# Shooting Volley Ball isn't easy! (6th Grade Girls) C&C welcome



## CMfromIL (Jan 20, 2012)

My daughters volleyball season has begun.  Boy, it's a bit more challenging to shoot than basketball due to the uncertain nature of the ball.  Plus, timing the ball w/the athlete's hands is much more difficult.  

I notice some blur in most of the shots w/the ball because it's moving so fast.  I cannot crank shutter speed beyond 1/500 though as it plummets my exposure, and makes everything too dark.

So for now, I'll compromise and live with a little blur.

Enjoy:

1.  Wish the ball had been in the shot, but the expression and body speak for what's coming!







2.  






3.  My daughter shooting.  The poster behind her was for a girl that had passed that used to play volleyball for the school.  They were retiring her jersey that evening.






4.






5.


----------



## jwbryson1 (Jan 20, 2012)

What lens and body are you using?


----------



## PapaMatt (Jan 20, 2012)

Nice Pics but it would be nice to know what lens and camera you are using.
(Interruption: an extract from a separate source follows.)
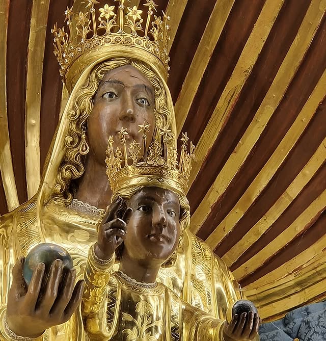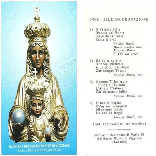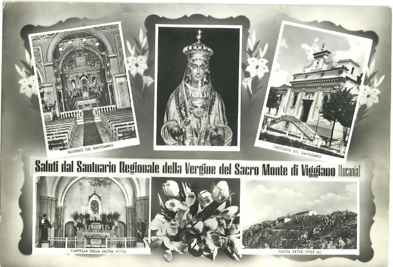 - NOTIZIE STORICO CRITICHE Le origini della chiesa di Santa Maria del Monte sono piuttosto incerte. L'ipotesi più accreditata la fa risalire all'XI secolo e ne collega la nascita alla caduta di Grumentum, attaccata a più riprese dai saraceni sin dal IX secolo e definitivamente rasa al suolo intorno al 1050. Il simulacro della Vergine, infatti, sarebbe stato custodito inizialmente proprio nella cattedrale di Grumentum. Di qui sarebbe stato trasferito e nascosto sulla vetta del Monte di Viggiano per evitare che venisse distrutto dagli invasori saraceni. A questo punto entra in campo la leggenda, la quale narra come alcuni pastori della valle sottostante, attirati da strani fenomeni luminosi osservati sulla sommità del monte, vi rinvennero, miracolosamente intatto, il sacro simulacro, subito trasportato a Viggiano e collocato nella cappella di Santa Maria fuori le mura, che da allora fu detta del Deposito e che successivamente diventò la sede urbana del Santuario. La devozione e l'affetto dei fedeli non hanno costituito, però, l'unica nota di privilegio del Santuario di Viggiano. Accanto ad essi, infatti, hanno fatto eco non pochi riconoscimenti ufficiali da parte delle autorità ecclesiastiche, tanto dei vescovi di Marsico e Potenza, quanto della Sede Apostolica. È certo che sin dal Medioevo, il Monte di Viggiano e il Monte di Novi Velia, anch'esso di origine basiliana, furono i due poli della religiosità mariana dei lucani. Occorre attendere, però, gli inizi del XVI secolo perché i pontefici Giulio II e Paolo V diano personalità giuridica al Santuario, affidandolo ad un'amministrazione laicale. Sotto il pontificato di Clemente XII, e precisamente il 12 giugno dell'anno 1740, il Santuario viene incorporato dal Capitolo Liberiano alla Basilica di Santa Maria Maggiore in Roma, con facoltà di usufruire degli stessi diritti e privilegi spirituali. Il 22 giugno 1835 la Sacra Congregazione dei Riti proclama Santa Maria del Monte “Prima e principale patrona di Viggiano”. Nel 1859, ceduta al vescovo dalla Commissione di Beneficenza e dichiarata chiesa parrocchiale, la chiesa di Santa Maria del Monte diventa parrocchia-santuario, e il parroco gestisce l’amministrazione dei beni e la cura della chiesa e della statua. Con atto ufficiale del 25 gennaio 1859, il Direttore del Real Ministero dell’Interno dispone che si cedessero all’amministrazione parrocchiale le offerte fatte dai fedeli alla chiesa di Santa Maria del Monte, e ordina al sindaco che non si ingerisse più con la Commissione di Beneficenza nell’amministrazione delle offerte. Il 4 settembre 1892 mons. Tiberio Durante, vescovo di Marsico e Potenza, su decreto di Papa Leone XIII e del Capitolo di San Pietro, otteneva e realizzava l'incoronazione della venerata immagine, davanti ad una folla impressionante, giunta a Viggiano da ogni angolo della regione quasi interamente a piedi. All'indomani dei Patti Lateranensi del 1929, mons. Ignazio Monterisi ottenne finalmente alla diocesi di Potenza la gestione del Santuario, caduta paradossalmente già nel secolo precedente nelle mani della Massoneria, presente a Viggiano con una loggia tra le più importanti del Meridione. A conclusione del Concilio Vaticano II, l’11 dicembre dell'anno 1965, con la Bolla “Lucanae genti” Papa Paolo VI elevava il Santuario di Viggiano alla dignità di Basilica Minore, proclamando la Madonna del Sacro Monte Patrona e Regina delle genti lucane (https://www.beweb.chiesacattolica.it/edificidiculto/edificio/20140/Basilica+di+Santa+Maria+del+Monte+%7C+Viggiano+%28PZ%29)

Sports you need a fast lens 2.8 or better


----------



## Hooligan Dan (Jan 20, 2012)

They aren't bad. Volleyball is tough because the ball can move incredibly fast and it's hard to freeze in the poorly lit gyms. So you have the hardest part taken care of with the frozen action. If I can make a suggestion, try switching up your shooting angle. Go to the opposite end of the court that the team you want to shoot is on. That way they are spiking and blocking while facing you. Also, crop a little tighter on the shots that the ball isn't way up in the air. And use a shallower dof if your lens will allow it. That will help separate the girls from the background.

Keep at it!


----------



## CMfromIL (Jan 20, 2012)

Sorry, should have listed specs.  Canon T3i, 75-300mm Lens (IS).  Pictures were taken roughly 135mm so my f-stop didn't go more than 4.5.  ISO was wide open at 6400, shutter speed was 1/500.
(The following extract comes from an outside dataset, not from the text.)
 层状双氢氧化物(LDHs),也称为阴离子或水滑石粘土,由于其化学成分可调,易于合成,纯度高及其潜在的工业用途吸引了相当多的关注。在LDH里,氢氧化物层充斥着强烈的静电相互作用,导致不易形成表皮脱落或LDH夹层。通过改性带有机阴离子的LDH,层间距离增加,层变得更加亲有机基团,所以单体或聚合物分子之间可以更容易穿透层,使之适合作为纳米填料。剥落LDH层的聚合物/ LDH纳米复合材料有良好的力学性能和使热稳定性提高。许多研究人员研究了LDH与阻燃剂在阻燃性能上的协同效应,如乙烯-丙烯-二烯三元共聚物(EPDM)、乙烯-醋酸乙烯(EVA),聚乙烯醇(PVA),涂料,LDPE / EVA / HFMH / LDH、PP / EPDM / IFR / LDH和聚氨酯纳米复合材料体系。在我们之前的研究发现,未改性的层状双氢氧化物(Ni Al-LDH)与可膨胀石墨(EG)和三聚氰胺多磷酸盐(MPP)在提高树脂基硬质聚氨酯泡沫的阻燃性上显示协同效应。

I am saving money for a 2.8 L lens, so right now I work with what I have.  Gym is lit through a combination of candles and moonlight.


----------



## MLeeK (Jan 20, 2012)

I just started volleyball this year and it's the hardest sport I have ever shot. It's going to kill me, I am pretty positive!
The last one looks pretty good, the others look like missed focus.


----------



## MLeeK (Jan 20, 2012)

CMfromIL said:


> Sorry, should have listed specs.  Canon T3i, 75-300mm Lens (IS).  Pictures were taken roughly 135mm so my f-stop didn't go more than 4.5.  ISO was wide open at 6400, shutter speed was 1/500.
> 
> I am saving money for a 2.8 L lens, so right now I work with what I have.  Gym is lit through a combination of candles and moonlight.


Turn on ISO expansion and you can go to ISO 12800


----------



## sierramister (Jan 20, 2012)

CM, You love taking sports shots, and you know you need a 2.8... Have you thought about going to Sigma route?  I have a Sigma 70-200 f/2.8 I bought for $600 used (Nikon) and I love it.  I use it more than anything.
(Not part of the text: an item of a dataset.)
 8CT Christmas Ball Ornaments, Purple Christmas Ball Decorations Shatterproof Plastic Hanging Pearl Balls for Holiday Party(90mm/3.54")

You have the composition down, you're just a little limited by your equipment!


----------



## CMfromIL (Jan 20, 2012)

I'm concerned that at 12800 the grain would be too great?


----------



## CMfromIL (Jan 20, 2012)

sierramister said:


> CM, You love taking sports shots, and you know you need a 2.8... Have you thought about going to Sigma route?  I have a Sigma 70-200 f/2.8 I bought for $600 used (Nikon) and I love it.  I use it more than anything.
> 
> You have the composition down, you're just a little limited by your equipment!



I'm considering it.  I've been lurking on Ebay etc and feel pretty confident I can get an "L" for a decent price, so I'll most likely get that.  I do enjoy the sport shots though!


----------



## MLeeK (Jan 20, 2012)

Yes, and no. 
If you are shooting at ISO 6400 and having to raise exposure ANY in post, then 12800 is going to be much better. 
When you shoot at high ISO's you NEVER NEVER NEVER want to raise brightness or  exposure in post. It will make noise worse. If you SLIGHTLY overexpose and then reduce you will reduce or hide noise in post. 
Your camera will handle pretty well at 12800 and depending on what you are using for post processing the noise reduction in LR3 and PS CS5 are excellent. I FREQUENTLY shot at ISO 12800 on that same sensor in a 50D. 
Here are a few shots at 12800 on the same sensor after noise removal ONLY in camera raw/LR. I do not have the time to do anything more in PS for sports images... there are too many of them!


----------